According to the conditions, the invention provides a seismic data preprocessing method suitable for an artificial intelligence algorithm. When the absolute value of the original amplitude is smaller, nonlinear transformation is adopted to carry out large gain, the smaller the original amplitude is, the larger the multiple of the gain is, when the absolute value of the original amplitude is larger, linear transformation is adopted to carry out pretreatment, and each transformed value can be used for restoring the original value through inverse transformation. The conversion formula of the pretreatment is as follows:
Wherein x represents the seismic wave field data with the amplitude being the real amplitude, y represents the seismic wave field data with the amplitude being processed by the seismic data preprocessing method provided by the invention, alpha, beta and k respectively represent preset parameters, wherein alpha controls the function curvature of the nonlinear part, the smaller the value of the alpha controls the function curvature of the nonlinear part, the stronger the gain effect of the nonlinear part, beta controls the x range of nonlinear transformation, the values of alpha and beta are required to meet the requirement that the function nonlinear part has enough gain multiple, and the problem of gradient disappearance does not occur. k controls the function gradient of the linear part, the value of k is required to meet the trend that the linear part of the function keeps the original value, but the slope is reduced, so that the value range of the converted function is about [ -1,1]. As can be seen from comparison between fig. 4 and 5, the in-phase axis with stronger energy in the original wave field is still stronger after being processed by the pretreatment method provided by the invention, and the in-phase axis with weaker energy in the original wave field is obviously enhanced after being processed by the pretreatment method, but is still weaker than the in-phase axis with stronger energy in the original wave field. The seismic wave field processed by the method is used as the input and the label of the neural network, a better training effect can be obtained compared with the original wave field, and the output data of the network test set is subjected to inverse transformation by the method to obtain a primary wave field.

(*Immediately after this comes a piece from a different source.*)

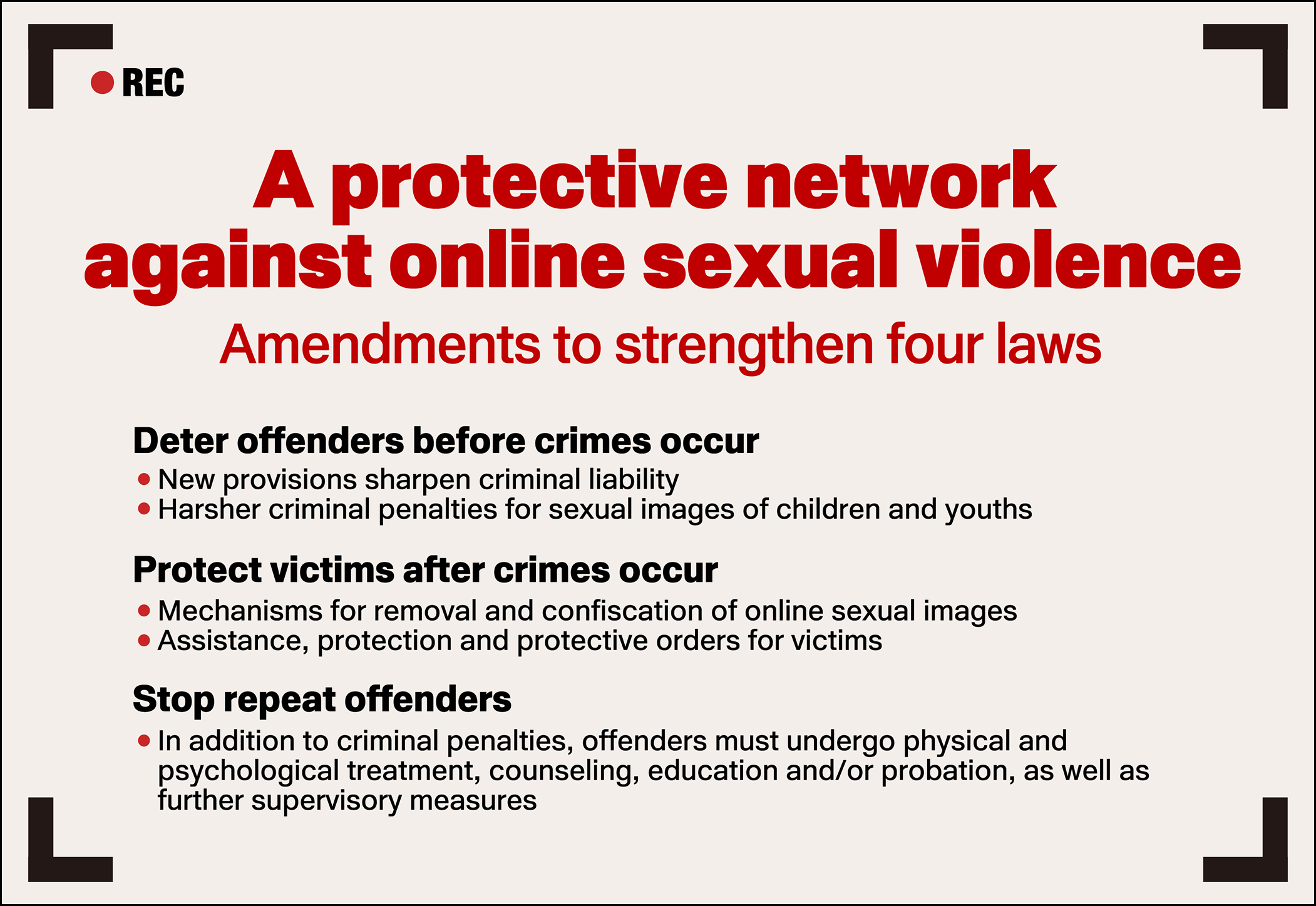 The technological progress and widespread use of the internet have given rise to new forms of activity involving illegal use of personal images that cause serious harm to people's privacy, security and personal dignity. Starting from the perspective of victims' needs, the government is responding with amendments to four laws tackling sexual violence crimes—the Criminal Code of the Republic of China, Crime Victim Protection Act, Sexual Assault Crime Prevention Act, and Child and Youth Sexual Exploitation Prevention Act. These amendments add a chapter dedicated to expanded protections, increase criminal liability, provide relevant assistance to victims, and enact related complementary measures to build a comprehensive protective network that more effectively prevents gender-based violence crimes.

The depth residual Fourier operator network part of the invention:
Let M r(t,x)、M0 (t, x) represent the input and output of the depth residual Fourier operator network respectively, and formulas (2) and (3) describe the flow of the network connecting the input and output wave field data with the network internal feature domain data through the full connection layer (FC) respectively:
M0(t,x)=FCn(U(cn,z,x)) (3)
Wherein, U (c 0, z, x) and U (c n, z, x) are respectively a first feature layer and a last feature layer, which are respectively connected with the network input layer and the output layer through the full connection layer FC 0、FCn, c 0、cn respectively represents the number of channels of the first feature layer and the number of channels of the last feature layer, and a hidden layer between the first feature layer and the last feature layer is composed of a plurality of residual fourier sub-modules.
Equations (4), (5) are the calculation flow of the residual fourier submodule:
U(cn+1,x,y)=σ(ΒN(Block(U(cn,x,y)))) (4)
Block(U(cn,x,y))=WU(cn,x,y)+wfU(cn,x,y) (5)
Where σ represents the nonlinear activation function ReLU. w f denotes a frequency domain weight. W in equation (5) is a time domain weight set used to extract features for the channel, image dimension and "short circuit connection" of the input features.
The neural network used in the invention extracts the characteristics through the weight and the bias, updates the weight and the bias in the network through the input and the label of the training set, and applies the test set data to the trained network. In equation (5), W may refer to a set of weights and offsets. Let w be the weight and b be the bias, then the calculation of one term of WU (c n, x, y) can be written as wU (c n, x, y) +b.
The loss function of the network model of the present invention uses a commonly used L2 norm loss function LpLoss, which is defined as follows:
where y represents the network output, y' represents the label, and N is the number of samples for a single training batch.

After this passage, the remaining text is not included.